▶ [Data shown]
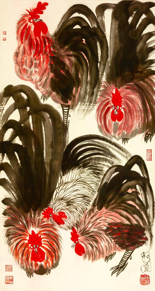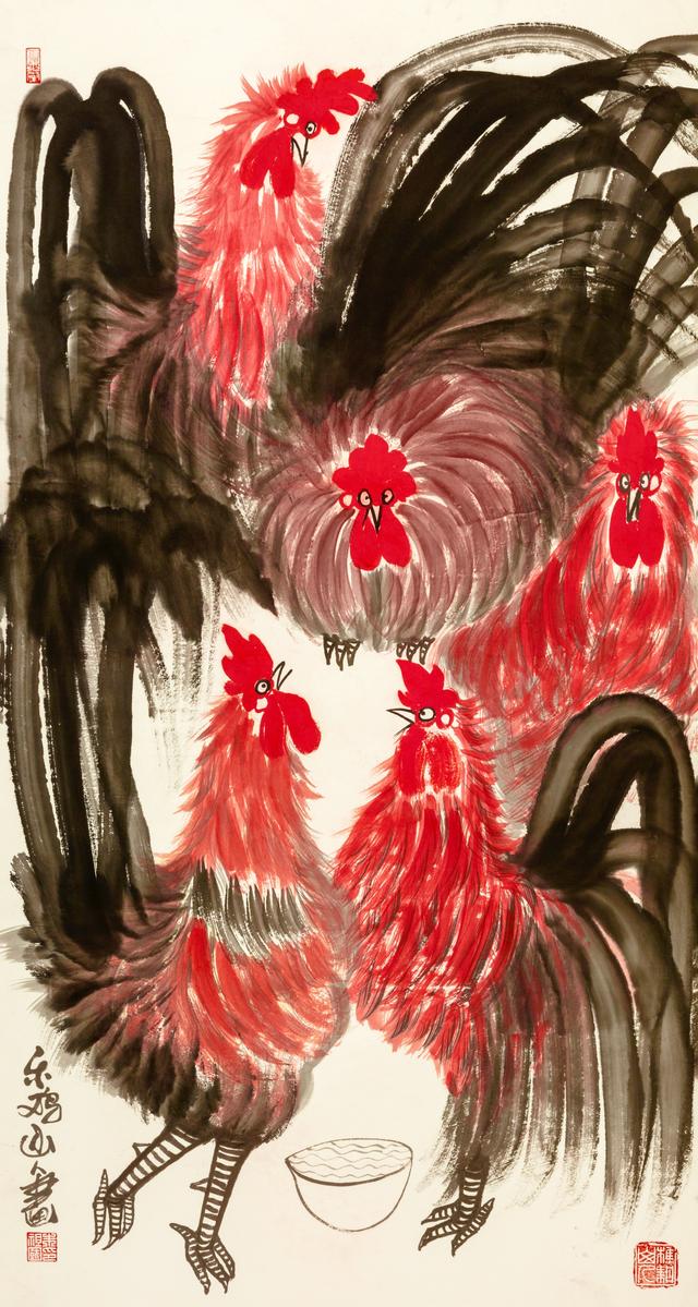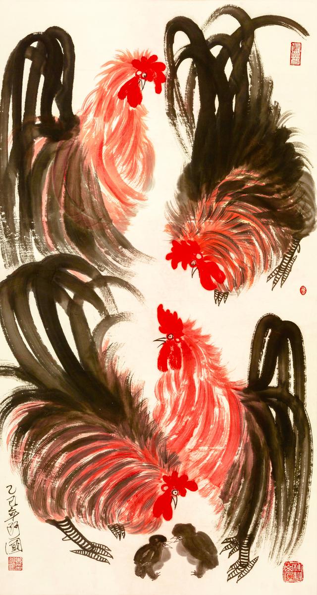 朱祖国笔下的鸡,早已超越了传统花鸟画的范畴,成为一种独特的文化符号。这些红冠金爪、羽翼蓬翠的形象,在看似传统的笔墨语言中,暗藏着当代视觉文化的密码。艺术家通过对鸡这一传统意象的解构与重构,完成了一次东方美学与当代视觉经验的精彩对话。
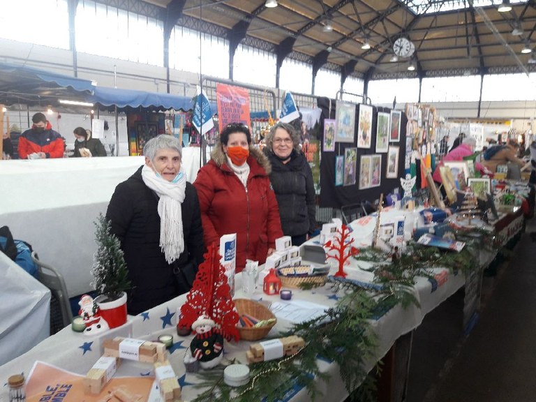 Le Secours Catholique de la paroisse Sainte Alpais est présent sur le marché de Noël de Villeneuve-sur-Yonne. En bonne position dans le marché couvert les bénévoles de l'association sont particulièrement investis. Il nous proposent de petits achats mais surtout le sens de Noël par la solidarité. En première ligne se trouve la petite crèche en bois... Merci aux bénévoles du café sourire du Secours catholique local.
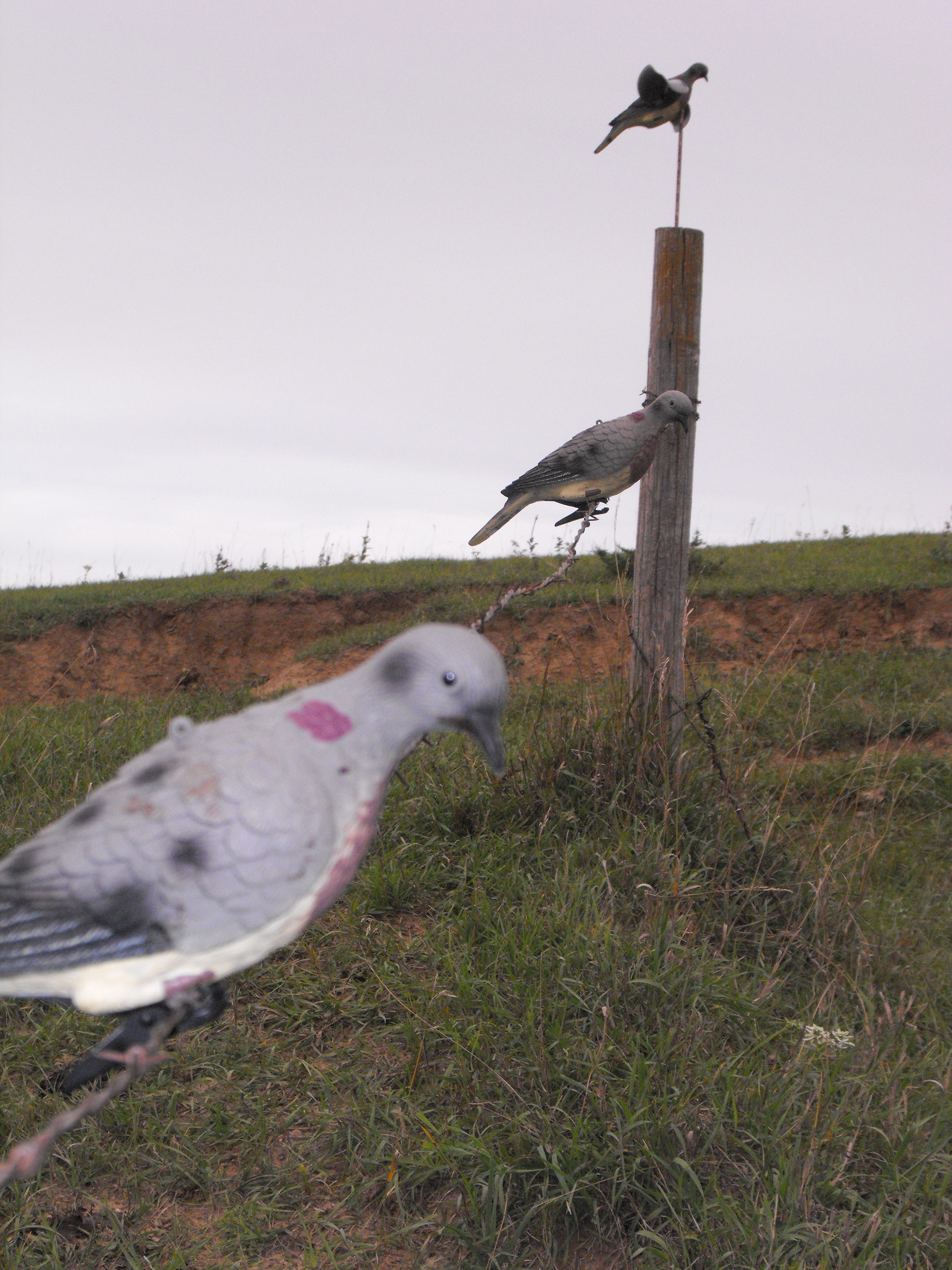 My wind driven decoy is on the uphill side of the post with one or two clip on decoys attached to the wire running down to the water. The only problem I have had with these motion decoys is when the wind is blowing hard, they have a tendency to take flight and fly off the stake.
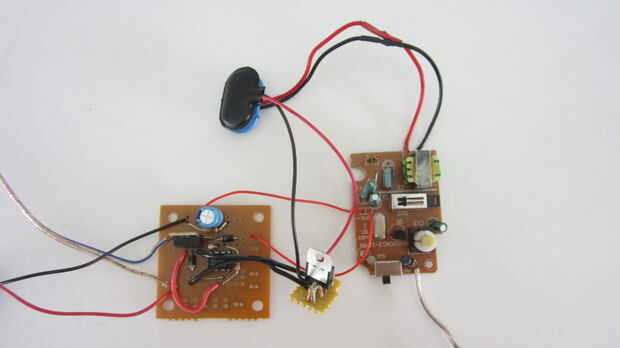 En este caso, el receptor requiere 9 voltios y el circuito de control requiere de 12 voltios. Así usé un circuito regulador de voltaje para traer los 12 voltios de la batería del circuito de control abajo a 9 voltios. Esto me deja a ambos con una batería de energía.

▶ [Exercise instructions]
When you repeat the material, keep every word exact and drop the pictures.

▶ [Task answer]
 朱祖国笔下的鸡,早已超越了传统花鸟画的范畴,成为一种独特的文化符号。这些红冠金爪、羽翼蓬翠的形象,在看似传统的笔墨语言中,暗藏着当代视觉文化的密码。艺术家通过对鸡这一传统意象的解构与重构,完成了一次东方美学与当代视觉经验的精彩对话。
 Le Secours Catholique de la paroisse Sainte Alpais est présent sur le marché de Noël de Villeneuve-sur-Yonne. En bonne position dans le marché couvert les bénévoles de l'association sont particulièrement investis. Il nous proposent de petits achats mais surtout le sens de Noël par la solidarité. En première ligne se trouve la petite crèche en bois... Merci aux bénévoles du café sourire du Secours catholique local.
 My wind driven decoy is on the uphill side of the post with one or two clip on decoys attached to the wire running down to the water. The only problem I have had with these motion decoys is when the wind is blowing hard, they have a tendency to take flight and fly off the stake.
 En este caso, el receptor requiere 9 voltios y el circuito de control requiere de 12 voltios. Así usé un circuito regulador de voltaje para traer los 12 voltios de la batería del circuito de control abajo a 9 voltios. Esto me deja a ambos con una batería de energía.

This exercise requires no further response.